* RECORD SET
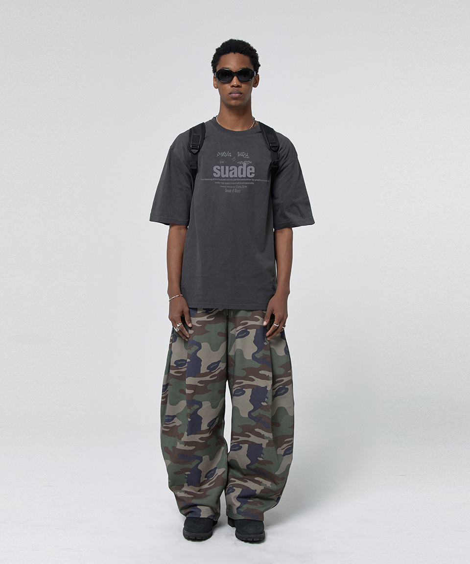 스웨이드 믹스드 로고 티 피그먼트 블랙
* * *
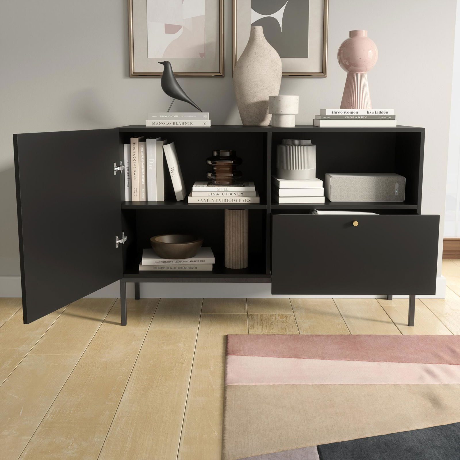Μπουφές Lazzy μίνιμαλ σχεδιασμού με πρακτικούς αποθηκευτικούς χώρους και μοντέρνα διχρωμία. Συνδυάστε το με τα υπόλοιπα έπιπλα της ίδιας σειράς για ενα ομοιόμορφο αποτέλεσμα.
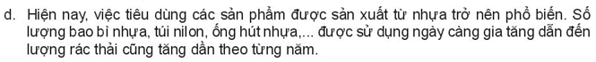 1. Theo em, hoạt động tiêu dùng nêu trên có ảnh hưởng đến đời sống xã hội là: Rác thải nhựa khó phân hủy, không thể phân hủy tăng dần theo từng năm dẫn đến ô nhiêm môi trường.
==
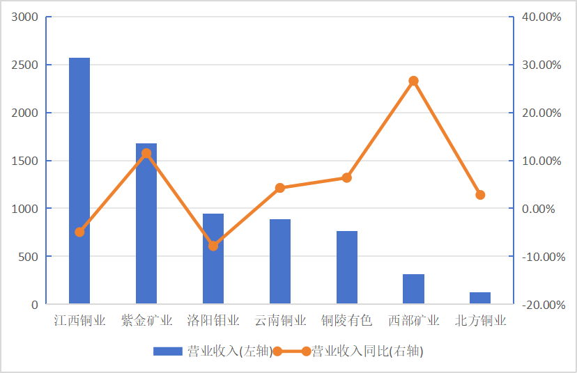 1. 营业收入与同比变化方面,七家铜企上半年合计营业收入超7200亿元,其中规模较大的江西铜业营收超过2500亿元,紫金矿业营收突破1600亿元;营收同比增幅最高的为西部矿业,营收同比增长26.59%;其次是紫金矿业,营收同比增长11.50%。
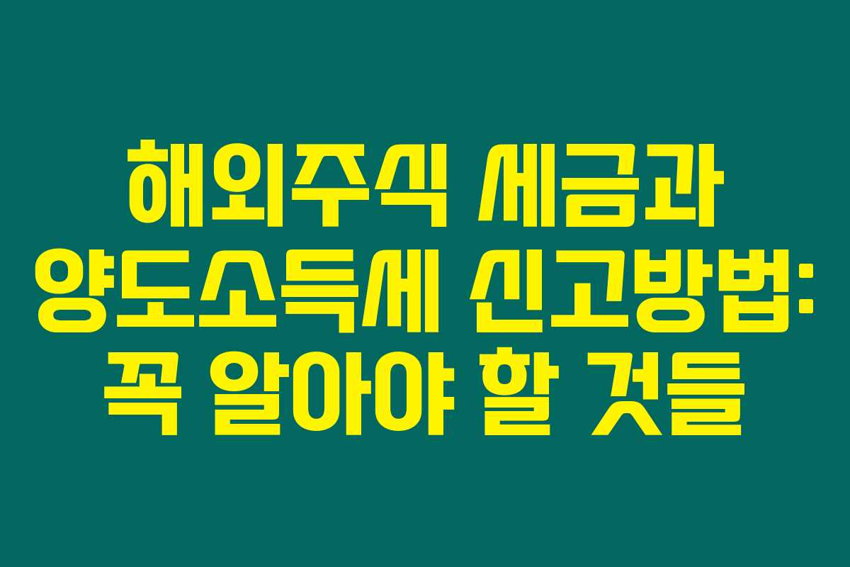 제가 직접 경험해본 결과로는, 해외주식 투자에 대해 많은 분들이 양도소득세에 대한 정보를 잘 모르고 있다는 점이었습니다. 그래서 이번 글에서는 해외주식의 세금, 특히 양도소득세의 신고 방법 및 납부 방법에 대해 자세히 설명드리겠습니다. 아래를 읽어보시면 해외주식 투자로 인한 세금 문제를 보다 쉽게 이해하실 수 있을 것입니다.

* WORK ORDER
Extract, without any images, the part of the material above that opens with the line containing "Μπουφές Lazzy μίνιμαλ" and closes with the line containing "1. Theo em, hoạt", both lines included.

* SOLUTION TO THIS EXERCISE
Μπουφές Lazzy μίνιμαλ σχεδιασμού με πρακτικούς αποθηκευτικούς χώρους και μοντέρνα διχρωμία. Συνδυάστε το με τα υπόλοιπα έπιπλα της ίδιας σειράς για ενα ομοιόμορφο αποτέλεσμα.
 1. Theo em, hoạt động tiêu dùng nêu trên có ảnh hưởng đến đời sống xã hội là: Rác thải nhựa khó phân hủy, không thể phân hủy tăng dần theo từng năm dẫn đến ô nhiêm môi trường.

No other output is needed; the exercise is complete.